◆ Assignment ◆
Extract the lines up to and including the one that contains "Below is an", starting with the first line of the entries below, and omit the pictures.

◆ Study material ◆

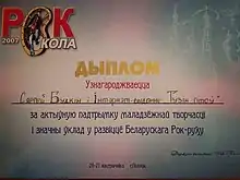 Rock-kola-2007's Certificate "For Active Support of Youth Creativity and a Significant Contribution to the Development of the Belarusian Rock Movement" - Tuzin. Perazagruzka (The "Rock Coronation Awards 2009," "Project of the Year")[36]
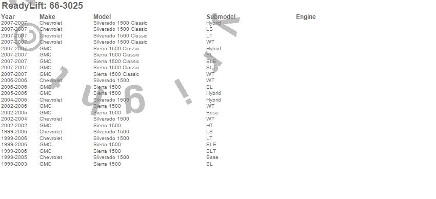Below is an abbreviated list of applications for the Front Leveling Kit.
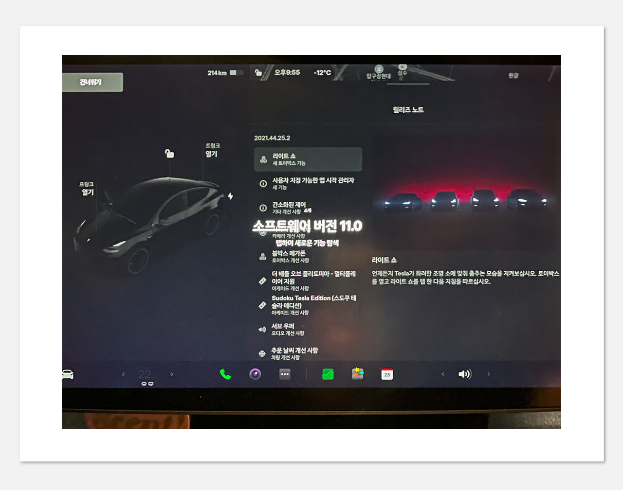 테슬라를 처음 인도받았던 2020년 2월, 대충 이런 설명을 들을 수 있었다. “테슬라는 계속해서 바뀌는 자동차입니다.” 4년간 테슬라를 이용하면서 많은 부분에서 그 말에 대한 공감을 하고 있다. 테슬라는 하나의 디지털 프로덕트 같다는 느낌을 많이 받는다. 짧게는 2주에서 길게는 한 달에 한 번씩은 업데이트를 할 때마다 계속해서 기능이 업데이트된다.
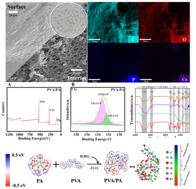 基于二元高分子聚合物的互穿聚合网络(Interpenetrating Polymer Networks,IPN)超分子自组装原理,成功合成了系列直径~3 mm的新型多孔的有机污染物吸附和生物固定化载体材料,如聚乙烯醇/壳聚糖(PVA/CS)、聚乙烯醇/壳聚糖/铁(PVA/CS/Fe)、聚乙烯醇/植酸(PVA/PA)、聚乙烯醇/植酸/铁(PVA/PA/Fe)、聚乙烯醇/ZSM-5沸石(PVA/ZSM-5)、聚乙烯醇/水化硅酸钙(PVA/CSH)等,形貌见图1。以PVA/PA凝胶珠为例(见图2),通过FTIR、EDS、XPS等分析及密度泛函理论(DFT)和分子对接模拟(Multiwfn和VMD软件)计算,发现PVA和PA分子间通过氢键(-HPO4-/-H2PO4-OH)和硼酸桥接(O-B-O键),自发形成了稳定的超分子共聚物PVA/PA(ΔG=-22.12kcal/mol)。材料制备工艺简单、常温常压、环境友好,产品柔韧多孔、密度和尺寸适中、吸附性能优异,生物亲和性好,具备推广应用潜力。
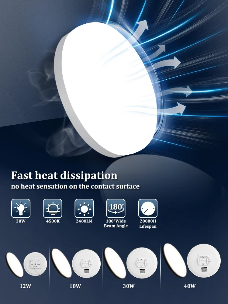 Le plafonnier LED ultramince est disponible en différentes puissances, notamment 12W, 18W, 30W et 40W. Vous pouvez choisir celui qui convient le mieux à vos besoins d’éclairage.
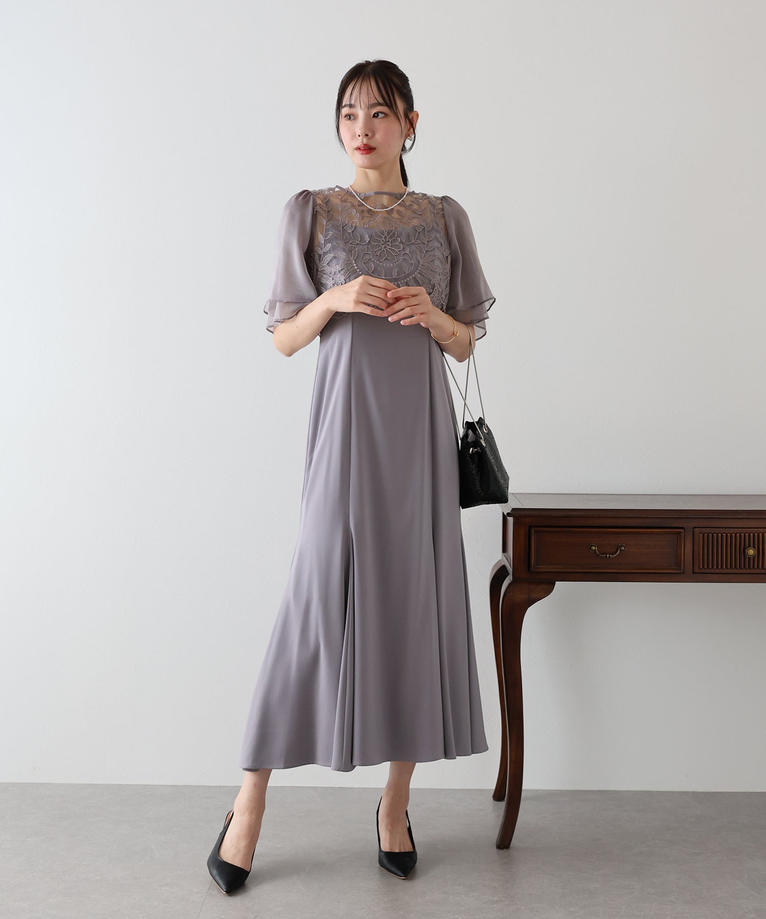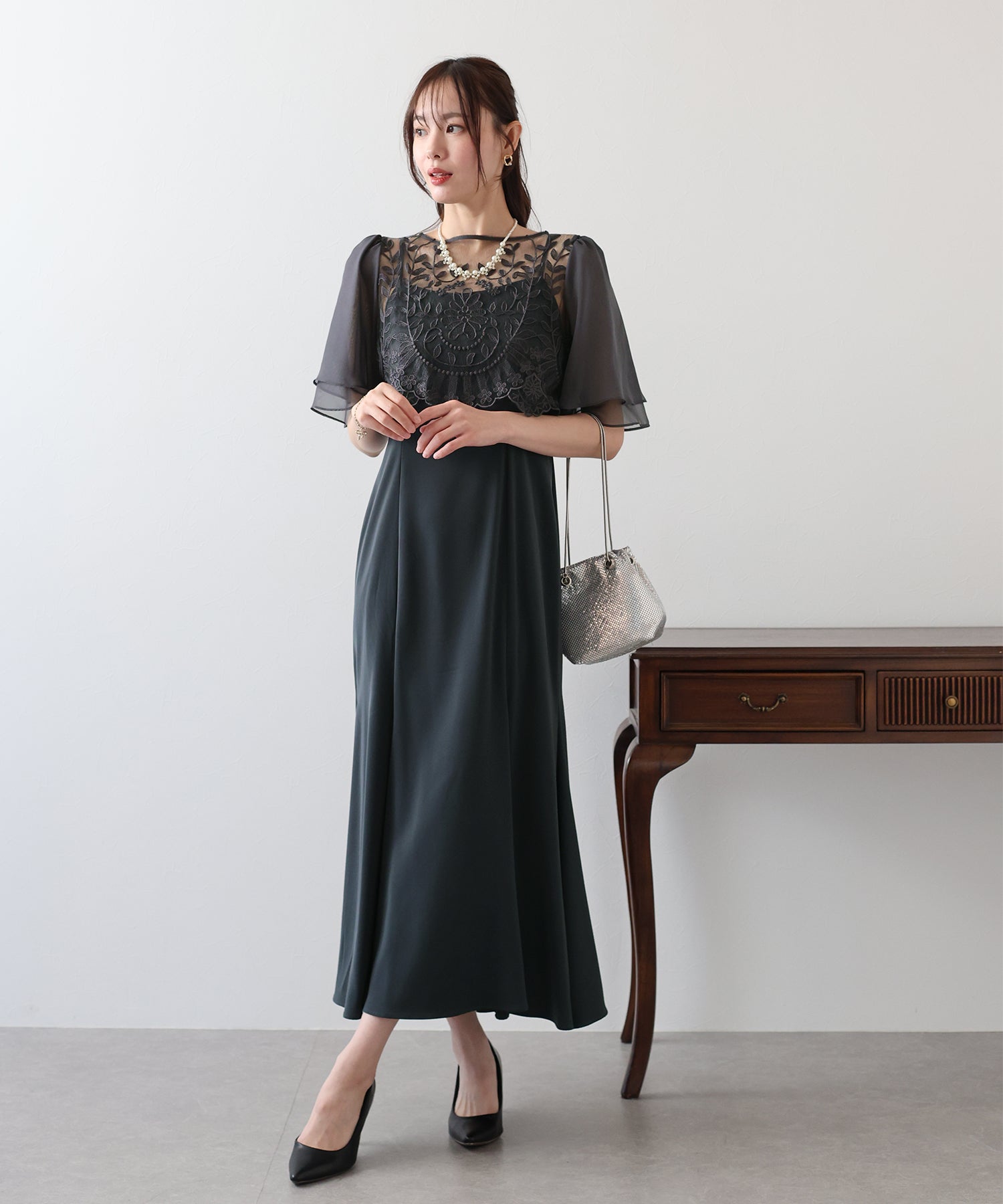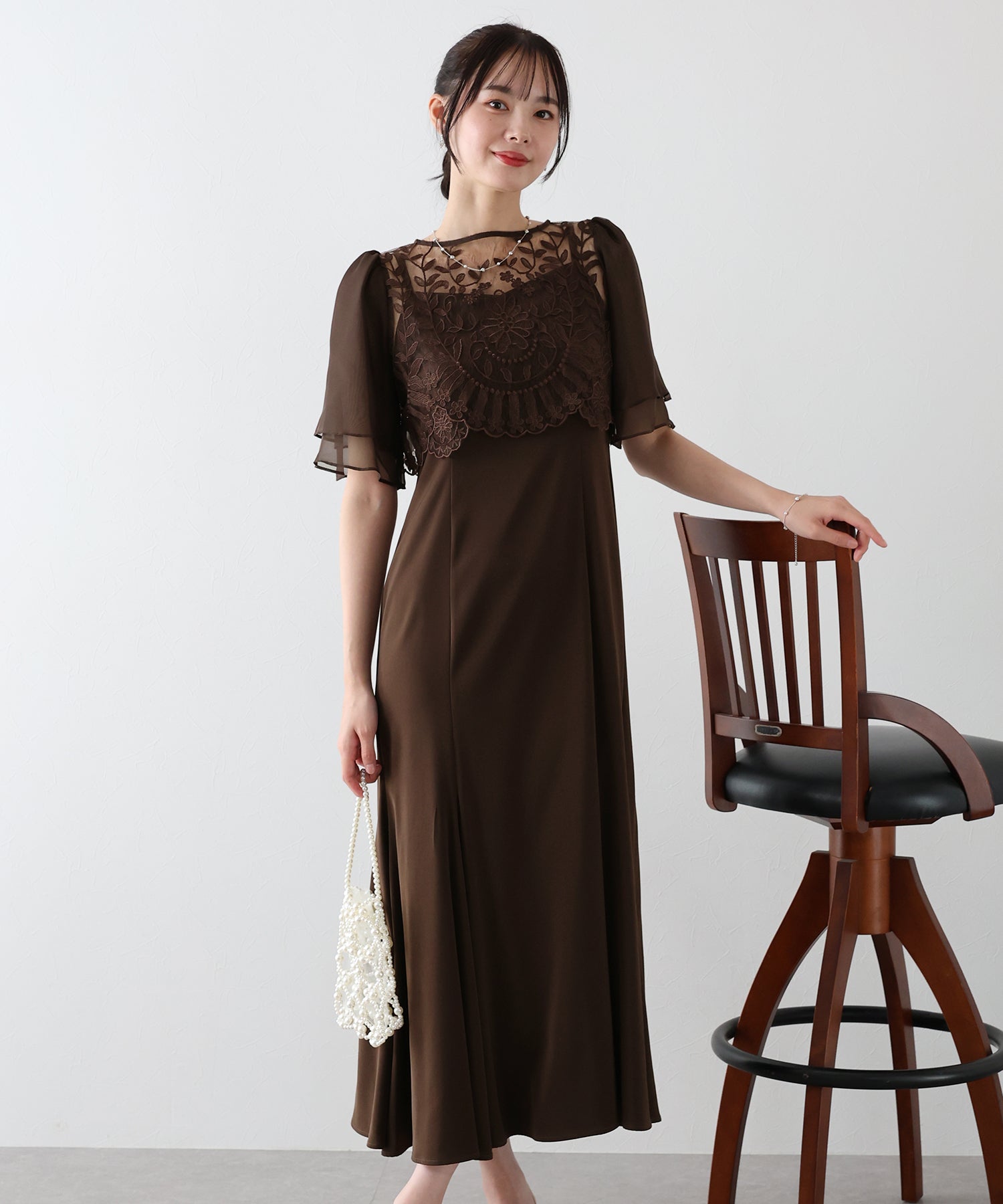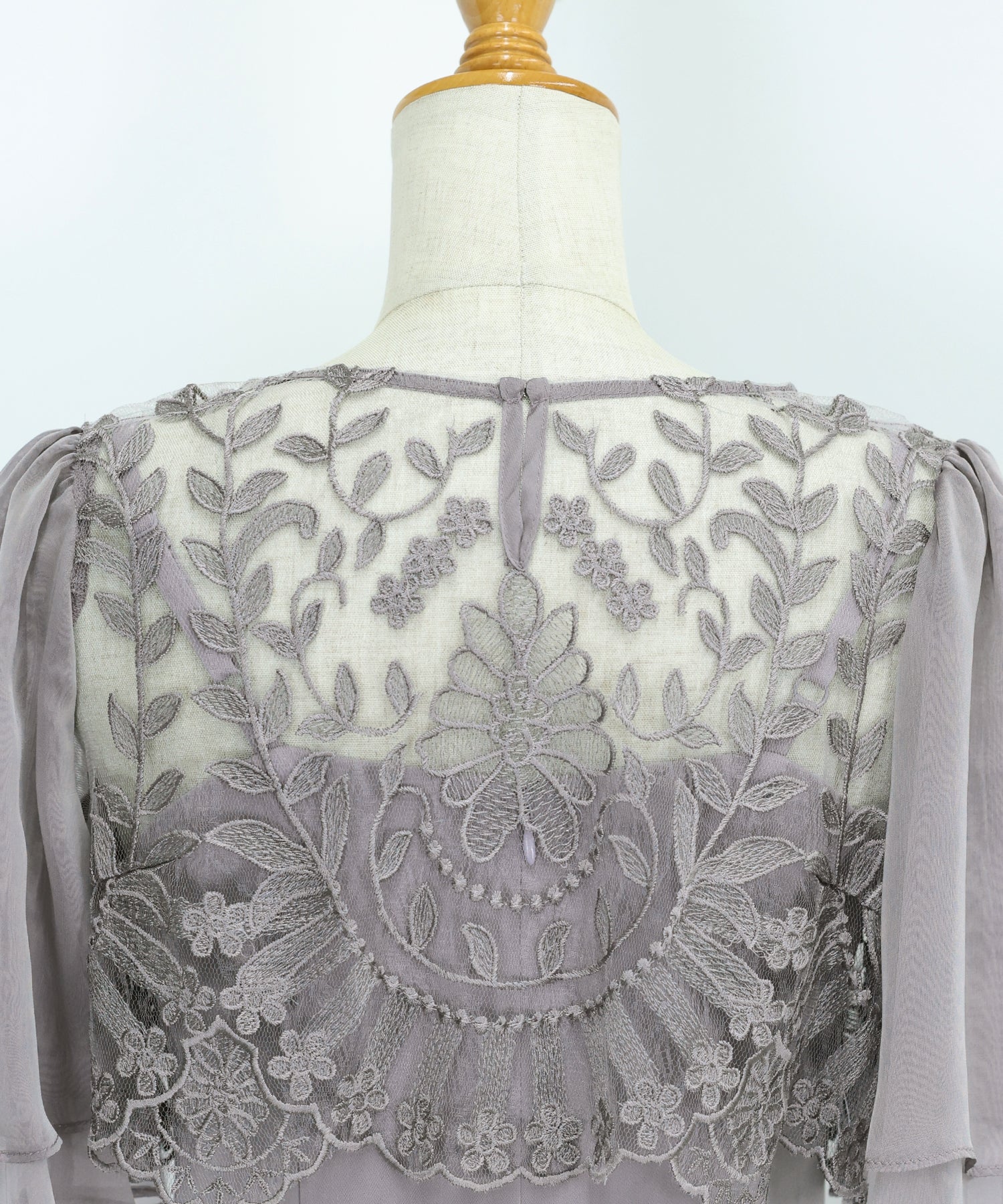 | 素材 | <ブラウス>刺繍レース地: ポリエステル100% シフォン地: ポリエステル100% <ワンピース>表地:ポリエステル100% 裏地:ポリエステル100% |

◆ Exercise response ◆
 Rock-kola-2007's Certificate "For Active Support of Youth Creativity and a Significant Contribution to the Development of the Belarusian Rock Movement" - Tuzin. Perazagruzka (The "Rock Coronation Awards 2009," "Project of the Year")[36]
Below is an abbreviated list of applications for the Front Leveling Kit.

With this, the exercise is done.